Large blocks of property in Texas are classified as ranches or farms.
If it's not a farm, it's a ranch.
It's one or the other. And since Bush's property is not a farm, it's a ranch. The land need not be used for livestock in order to qualify as a ranch. If there's truly debate about whether or not Bush's land should be called a ranch, it does not come from people knowledgeable about the words that are used to describe Texas property.
Well, there is another category. If the property is used solely as a place to hunt animals, it's called a "lease", as in "deer lease". But leases happen on ranch land.
This is just a small quibble with a good story, SSM.
Well, from original reports, president Bush was not aware of the port deal until public polling indicated he better be.
At least he knows something.
[link to www.hoax-buster.org]
by NewsWeek and all the rest of the media except the internet. Remember when "the information super highway" was a campaign issue? The Republicans lost that one. It's a shame they couldn't stop it and the above site is a sparkling example of why they would like to censor it now.
It's worse than porn. It has proof the Bible is a hoax.
...so they can get White House sources to give quotes for their stories...
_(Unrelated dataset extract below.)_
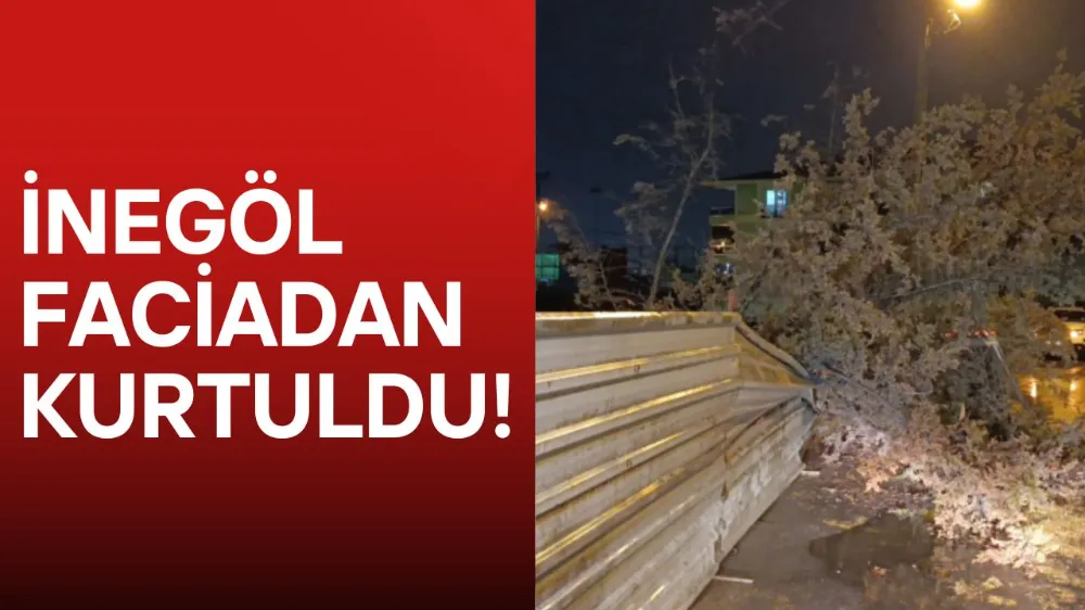 İnşaat alanında bulunan ağaç, yağış ve rüzgarın etkisiyle aniden kökünden çıkarak sokağa devrildi. Ağacın devrilmesiyle birlikte çevrede büyük bir gürültü oluştu. Gürültüyü duyan vatandaşlar durumu 112 Acil Çağrı Merkezi'ne bildirdi. İhbar üzerine olay yerine polis ekipleri sevk edildi. Polis ekipleri çevrede güvenlik önlemleri alırken, İnegöl Belediyesi ekiplerine haber verildi. Belediye ekipleri tarafından devrilen ağaç kısa sürede yoldan kaldırıldı.

...so they can claim they use "inside information"...
...which is really Bush spin...
...but helps give the reporters "connected" status....
...which makes them valuable tools for disseminating Bush propoganda...
...because White House "aides" can give them quotes...
...while Allen And Wolffe grant the aides anonymity...
See how it works?
portray bush as savvy and on top of the situation. you can take that to the bank.
Dubai Ports World is owned by Istithmar, a privately incorporated (in June 2003) investment holding company based in Dubai.
Months ago Istithmar signed an agreement with UBS Limited to create a derivative instrument, Istithmar Media Investments, that would give Istithmar exposure to Time Warner shares.
Istithmar has hired Time Warner shareholder Carl Icahn as an advisor, and Carl Icahn is presently calling the shots at Time Warner.
Istithmar's subsidiary, Istithmar Media Investments, owns 2.39 percent of Time Warner.
Time Warner of course owns Time Magazine, in addition to CNN, who last week broadcast Wolf Blitzer's Dubai Ports World's salespitch live from Dubai.
Here's a link to confirm the above:
[link to www.boston.com]
That's The Boston Globe, but it's a Reuters story. And that 2.39 percent share of Time Warner equates to 109 million shares; and the story's dated just a month ago. I don't know if that indicates how recently Istithmar Media Investments (again, along with Dubai Ports World, both co-owned by Istithmar) had purchased that stake in Time Warner (and purchased Carl Icahn too), but the purchase may have been specifically in anticipation of the need to spin this 'deal'.
The Bill in the House which is the supplemental that contains the DPW ban is H.R.4939; and if you think that all of that 'deal is dead' noise of last week doused the People's concern on this matter awfully quick, I'm in agreement with you.
A corporate media devoid of ethics, an Administration contemptuous of the People and the Law, and the National Security of our Nation's Ports:
The only thing thing worth a damn here, is that ban attached to that supplemental, H.R.4939.